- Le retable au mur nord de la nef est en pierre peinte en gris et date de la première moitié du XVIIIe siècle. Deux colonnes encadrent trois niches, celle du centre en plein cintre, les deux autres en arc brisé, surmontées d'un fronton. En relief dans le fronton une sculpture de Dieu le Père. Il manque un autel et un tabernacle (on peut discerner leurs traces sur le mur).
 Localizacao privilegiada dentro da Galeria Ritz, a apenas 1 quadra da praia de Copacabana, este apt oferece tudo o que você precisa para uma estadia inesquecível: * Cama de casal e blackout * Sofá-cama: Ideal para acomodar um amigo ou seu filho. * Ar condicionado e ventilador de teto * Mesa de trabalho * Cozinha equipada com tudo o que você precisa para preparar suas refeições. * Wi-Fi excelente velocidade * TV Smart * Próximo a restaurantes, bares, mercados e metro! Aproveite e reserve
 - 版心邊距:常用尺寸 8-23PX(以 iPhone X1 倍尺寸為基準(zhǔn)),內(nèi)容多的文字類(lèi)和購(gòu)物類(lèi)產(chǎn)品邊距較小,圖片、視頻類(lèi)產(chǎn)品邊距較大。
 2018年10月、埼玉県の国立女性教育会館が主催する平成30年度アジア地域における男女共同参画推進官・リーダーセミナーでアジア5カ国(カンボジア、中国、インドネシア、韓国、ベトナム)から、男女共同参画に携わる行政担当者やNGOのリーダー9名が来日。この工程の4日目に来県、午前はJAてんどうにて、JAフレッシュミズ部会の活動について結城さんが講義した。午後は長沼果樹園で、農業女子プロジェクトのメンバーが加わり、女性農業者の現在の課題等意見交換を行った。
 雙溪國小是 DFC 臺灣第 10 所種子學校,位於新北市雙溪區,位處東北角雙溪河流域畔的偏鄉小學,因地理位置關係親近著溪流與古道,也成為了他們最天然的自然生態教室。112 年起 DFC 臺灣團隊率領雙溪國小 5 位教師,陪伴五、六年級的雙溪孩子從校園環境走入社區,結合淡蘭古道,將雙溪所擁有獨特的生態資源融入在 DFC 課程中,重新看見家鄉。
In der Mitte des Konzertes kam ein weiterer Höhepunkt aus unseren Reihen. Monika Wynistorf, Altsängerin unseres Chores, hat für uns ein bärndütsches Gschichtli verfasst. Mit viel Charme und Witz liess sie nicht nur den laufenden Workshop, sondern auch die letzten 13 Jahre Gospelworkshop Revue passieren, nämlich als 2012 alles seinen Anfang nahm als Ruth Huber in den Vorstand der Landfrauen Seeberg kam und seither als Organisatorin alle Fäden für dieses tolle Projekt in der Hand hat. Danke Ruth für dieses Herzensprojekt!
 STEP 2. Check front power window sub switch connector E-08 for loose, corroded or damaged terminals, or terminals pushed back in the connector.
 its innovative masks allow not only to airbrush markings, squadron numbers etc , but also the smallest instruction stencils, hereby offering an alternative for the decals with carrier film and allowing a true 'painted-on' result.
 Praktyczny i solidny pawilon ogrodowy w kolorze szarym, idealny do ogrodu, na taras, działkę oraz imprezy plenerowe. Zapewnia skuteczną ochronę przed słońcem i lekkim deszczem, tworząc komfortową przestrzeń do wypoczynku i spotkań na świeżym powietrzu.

==

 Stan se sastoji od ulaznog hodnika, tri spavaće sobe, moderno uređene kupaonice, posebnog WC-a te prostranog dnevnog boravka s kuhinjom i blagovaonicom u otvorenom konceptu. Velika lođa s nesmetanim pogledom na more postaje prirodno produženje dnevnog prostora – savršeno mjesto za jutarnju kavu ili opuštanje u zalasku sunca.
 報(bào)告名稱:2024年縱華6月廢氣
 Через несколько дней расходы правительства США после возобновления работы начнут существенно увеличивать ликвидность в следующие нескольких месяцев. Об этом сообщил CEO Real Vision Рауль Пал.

Exercise brief: Working from the records above, write out verbatim only the lines from the line containing "報(bào)告名稱:2024年縱華6月廢氣" through the line containing "Через несколько дней".

Problem solution:
 報(bào)告名稱:2024年縱華6月廢氣
 Через несколько дней расходы правительства США после возобновления работы начнут существенно увеличивать ликвидность в следующие нескольких месяцев. Об этом сообщил CEO Real Vision Рауль Пал.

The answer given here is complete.